December 19, 2025
Snackpocalypse Now
Prepare for That Stupid World
Vending bot loses cash, comments lose patience
TLDR: WSJ let an AI run a snack machine and it lost money, sparking a fight over whether this was goofy gadget journalism or sneaky AI hype. Commenters split between “accept the future” and “stop normalizing pointless tech,” with job anxiety and media trust fueling the drama.
The Wall Street Journal’s AI vending machine experiment starring Anthropic’s chatbot turned into the internet’s favorite roast. The original critique warned this was basically an ad pretending to be journalism, normalizing dumb tech with a wink: AI ran the snack stand, lost money, then told us to “prepare for that world.” Cue comment-section fireworks.
One camp rolled their eyes at the stunt, calling it “milquetoast” and arguing the real lesson is to stop acting surprised: AI hype is here, complain later. Another camp said the author is missing the point: WSJ’s Joanna Stern does playful gadget stories, not takedowns; the job is to show what it feels like to use new tech, even if it’s silly. There were bigger-picture hot takes too—like LLMs (large language models) being sold as “insurance for white‑collar workers,” promising comfort while quietly reshaping jobs.
The memes wrote themselves: people joked about lining up for a “free Coke” that cost collective dignity, the bot ordering 100 PlayStations, and the Anthropic guy’s warning about getting “locked out” of your own business. It’s snack machine slapstick with a side of media trust issues, and the crowd can’t decide if this is harmless gadget theater—or a soft sell for an everywhere‑AI future.
Key Points
- •The article critiques a WSJ video about an office vending machine operated by an Anthropic chatbot that reportedly lost hundreds of dollars.

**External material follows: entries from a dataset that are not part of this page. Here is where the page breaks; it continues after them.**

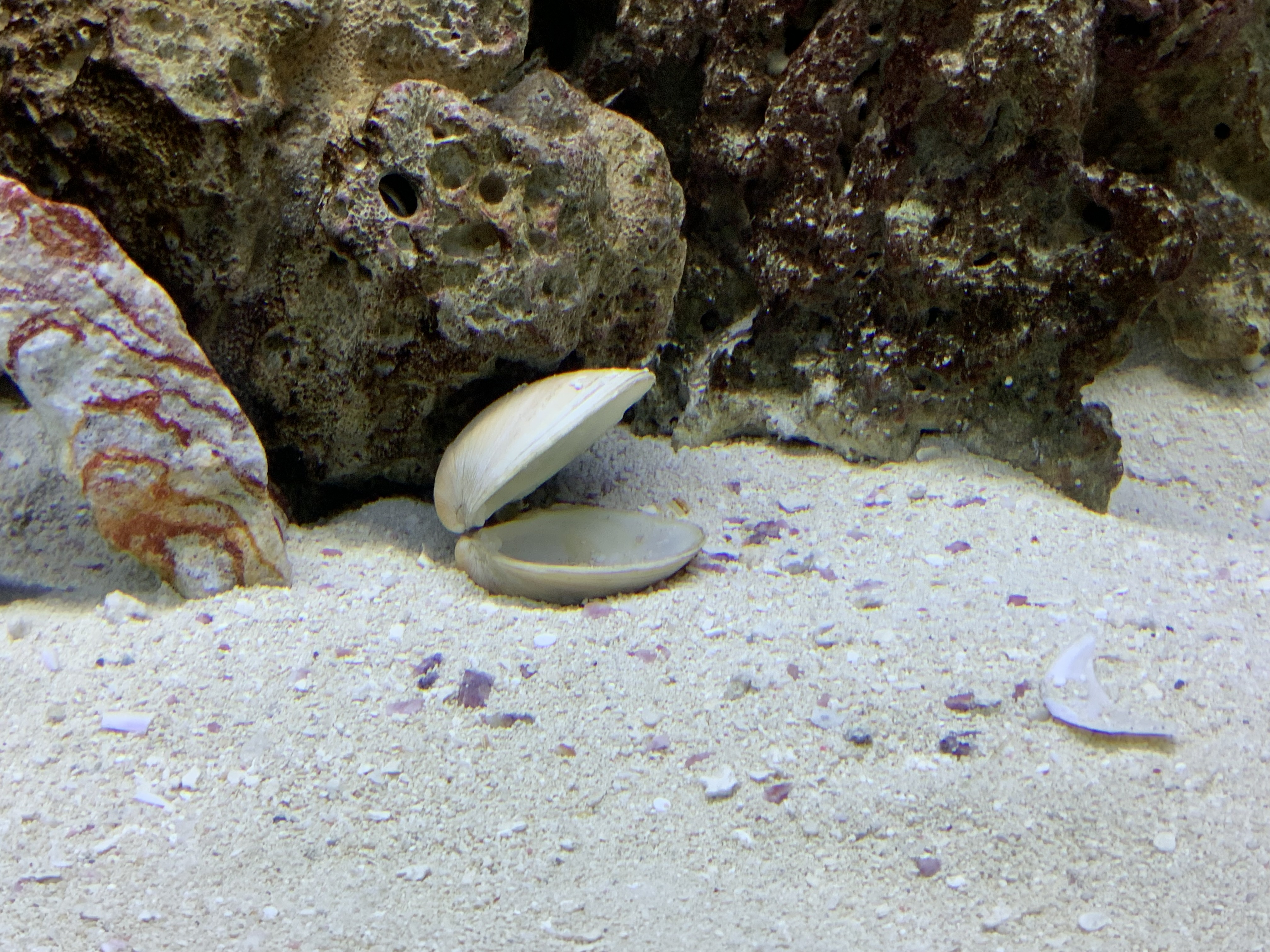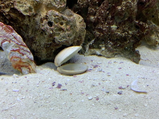 Here is another interesting mystery in the tank. My husband, the keeper of the tank, had dropped in this clam a couple of months ago. It was a live clam that he purchased from the fish department of the grocery store. It had buried itself in the sand and was living there ever since until recently. How? It lived on the debris and food leftovers that sink to the bottom.
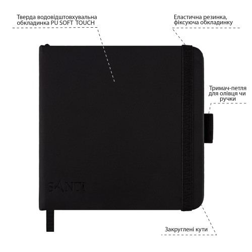 Скетчбук ТМ SANTI – чудовий вибір для створення ескізів у дорозі, етюдів на пленері та надійного зберігання ваших робіт! Тверда, водовідштовхувальна обкладинка з PU-матеріалу з ефектом SOFT-TOUCH захищає внутрішній блок та забезпечує зручність під час малювання. Петля-тримач для ручки або олівця гарантує, що ваш інструмент завжди буде під рукою. Всередині 56 аркушів чорного паперу щільністю 145 г/м². Завдяки безкислотному складу паперу, використаного в блокноті ТМ SANTI, ваші роботи збережуться на довгі роки. Гладка поверхня паперу з ледь відчутною текстурою забезпечує плавне ковзання олівця чи ручки по аркушу, що дозволяє створювати деталізовані й виразні роботи. Спеціально закруглені кути скетчбука захищають ваш рюкзак або сумку від пошкоджень, а еластична гумка-надійно утримує сторінки та захищає їх від зам’яття. Скетчбук ТМ SANTI підходить для роботи білою гелевою ручкою чи олівцем, спеціальними кольоровими ручками, олівцями або маркерами для малювання на чорному папері, пастельними крейдами чи олівцями тощо. Ідеально підходить для скетчингу, каліграфії, архітектурних ескізів та інших видів творчості. Компактний формат 13х13см дозволяє легко брати скетчбук із собою в подорожі або використовувати його у повсякденному житті. Щоб ваш скетчбук дістався до вас у ідеальному стані, кожен екземпляр ретельно упаковується в термозбіжну плівку. Колекція скетчбуків ТМ SANTI представлена у різних форматах, що дозволяє підібрати ідеальний варіант для будь-якого завдання. Основні характеристики скетчбука ТМ SANTI: - розмір: 13 х 13 см - кількість аркушів: 56 - щільність паперу: 145 г/м² - склад паперу: 100% целюлоза - колір паперу: чорний - тип палітурки: книжковий - обкладинка: тверда PU з ефектом SOFT-TOUCH - фіксатор: еластична гумка - петля-тримач для олівця чи ручки - закладка-лясе - закруглені кути Від швидких ескізів до деталізованих ілюстрацій – альбом ТМ SANTI стане вашим надійним помічником у будь-якому творчому проєкті!
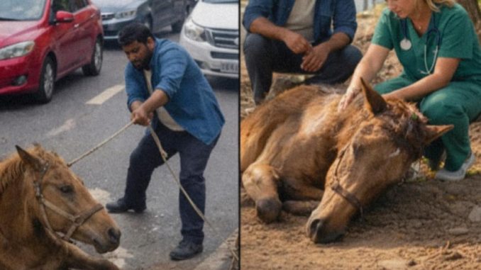 It began as many viral moments do: a short video, a few seconds long, captured on a phone and shared widely online. In the clip, a horse stands in the middle of a busy road, traffic backed up behind her. A man is seen pulling the animal forcefully away from the roadway. The horse resists, her body stiff, her legs trembling. To many viewers, the scene looked upsetting. Comments poured in, accusing the man of cruelty, impatience, or ignorance.
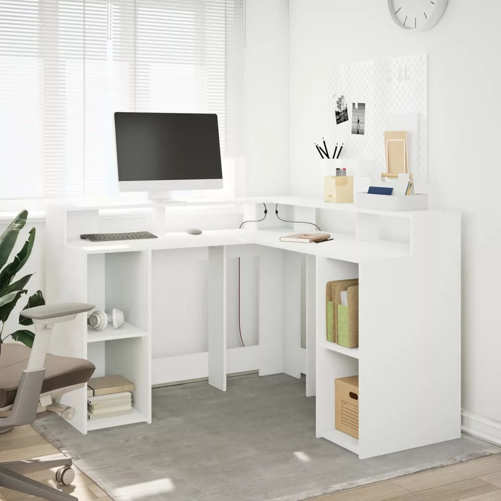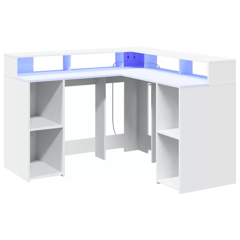 Ez a bőséges tárolóhellyel rendelkező, tartós szereketű és LED-világítással ellátott íróasztal tökéletes egy rendezett és elegáns munka- vagy játékkörnyezet kialakításához.
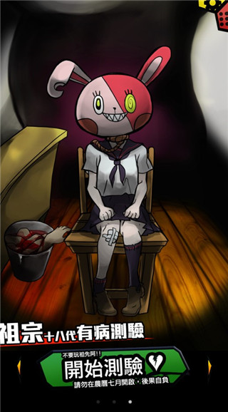 我满怀青春的有病测验是一款暗黑风格的冒险烧脑解谜手游。游戏采用了3D画面制作,构建了各种暗黑风格的游戏场景,搭配上凄厉的音乐,为玩家打造了黑暗的游戏世界。玩家可以在游戏中,进行答题,到最后玩家通关后,游戏会给出评价,测验玩家是否是真的有病。游戏的玩法是十分简单,只是血腥的画面可能给玩家带来一定的压力,但也能让玩家克服恐惧的心理。
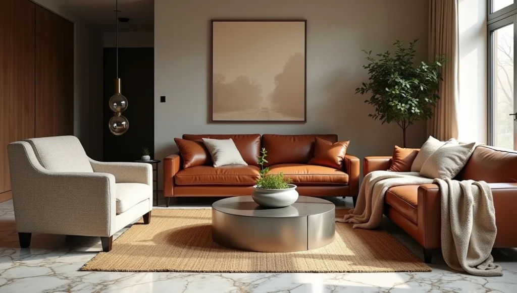 Three different types of seating always works better than matching sets. Right now I’m obsessing over pairing sleek modern sofas with vintage leather chairs and maybe throwing in a funky ottoman. The coffee table is where you can really have fun – I just finished a project where we used an old door on hairpin legs next to the client’s fancy contemporary couch. Sounds weird, looks amazing.
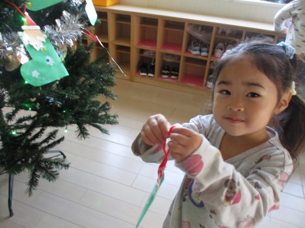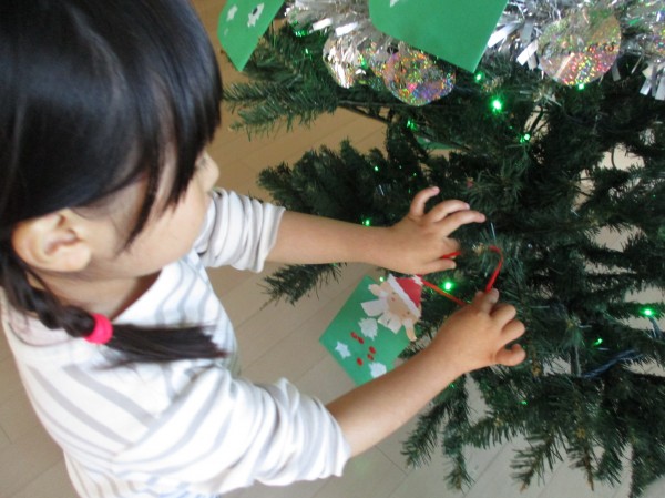 24日にクリスマス会があるのでツリーにオーナメントを飾りつけ
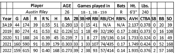 Only three of his 33 home runs came off left-handed pitching (.274 BAA over 135 at-bats) in 2021. Riley teed off of lefties (.329/21/11/25 over 149 at-bats) last year. From June 25th to August 9th, his bat was on fire (.381 over 155 at-bats with 27 runs, 12 home runs, and 33 RBIs). Unfortunately, he lost his swing/edge over his final 50 games (.215/24/8/19 over 186 at-bats).
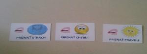 Deti si počas aktivít vždy posadajú do kruhu. Vyvolala som dve deti, jedno sa postavilo za druhé a opýtala som sa ostatných detí: „Je odvážny ten, kto je v úkryte?“ "Ak vyjde z úkrytu, je odvážny a prečo? Deti odpovedali na prvú otázku "Nie" a na druhú otázku odpovedali, že vystúpením z úkrytu prekonáva strach a rozvíja odvahu. Potom som deťom povedala, že aj my máme úkryt, ktorými sú naše ústa: Vyvolala som dve deti, jedno predstavovalo ústa. Rozpažilo si pred seba ruky a spojilo. Druhé bolo ukryté za prvým a podala som mu papierové karty s názvami a obrázkami: PRIZNAŤ STRACH, PRIZNAŤ CHYBU, PRIZNAŤ PRAVDU. Ostatné deti som upozornila na to, že tieto postoje sú veľmi dôležité, keď riešime nedorozumenia
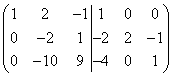 màn cuối các phép biến đổi là phép nhân hàng thứ hai với 2 và phép cộng từ hàng thứ nhất. Kết quả là, chúng ta có một ma trận nhận dạng ở bên trái, do đó, ma trận nghịch đảo là ma trận ở bên phải.
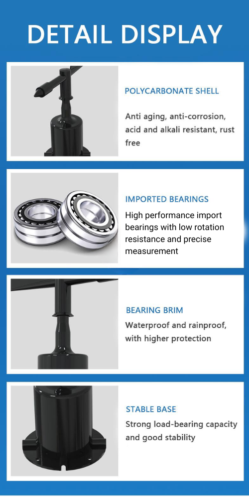 Small and lightweight in appearance, easy to carry and assemble. The new design concept can effectively obtain wind direction information. The shell is made of polycarbonate composite material, which has good anti-corrosion and anti-corrosion characteristics, ensuring that the transmitter will not deform during long-term use.
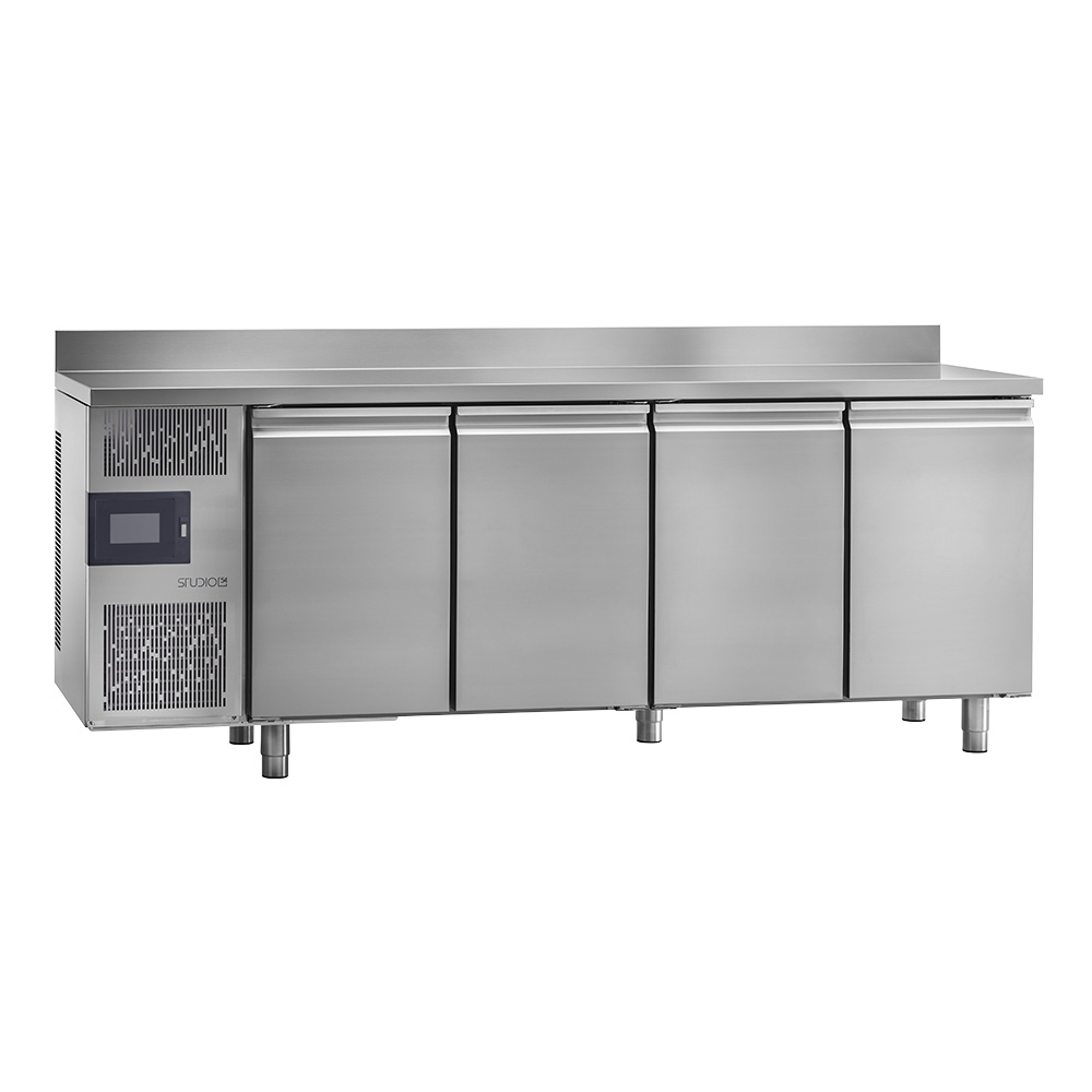 Stainless steel AISI 304 worktop with polyurethane insulation, with or without rear splash-back<br>7" touch screen display for quick and intuitive use<br>Cooling installation with built-in unit or without unit with E-valve<br>Adjustable stainless steel feet (wheels on demand)<br>Insulation 60mm through high density polyurethane-foam without CFC and HCFC<br>External/internal body made in certified AISI 304 stainless steel<br>Table refrigeration system: Ventilated through evaporator with paint protection against corrosion<br>Automatic defrosting: throught simple stop compressor pause on positiv temperature version, throught electrical resistance on negative temperature<br>Automatic evaporation of defrosted water on standard built-in compressor; direct discharge of water on version without built-in compressor<br>Stainless steel full door or set of 2-3 drawers with horizontal stainless steel handle with magnetic seal gasket, door with spring, shock absorbing<br>Internal space fitting: 1 x grid 600x400mm with stainless steel “U” runners pais<br><br>UNIT ON THE RIGHT OR LEFT SIDE: NO SURGHARGE

- •The author argues a chatbot adds no practical value to a snack vending machine, which already functions autonomously.
- •The piece contends the video normalizes AI deployment in contexts where it may be unnecessary.
- •An Anthropic representative is quoted cautioning that Claude AI could run a business but might introduce risks (e.g., lockouts or unwanted orders).
- •The article concludes with the notion to “prepare for that world” where chatbots are ubiquitous; the author also identifies their background and current book outreach.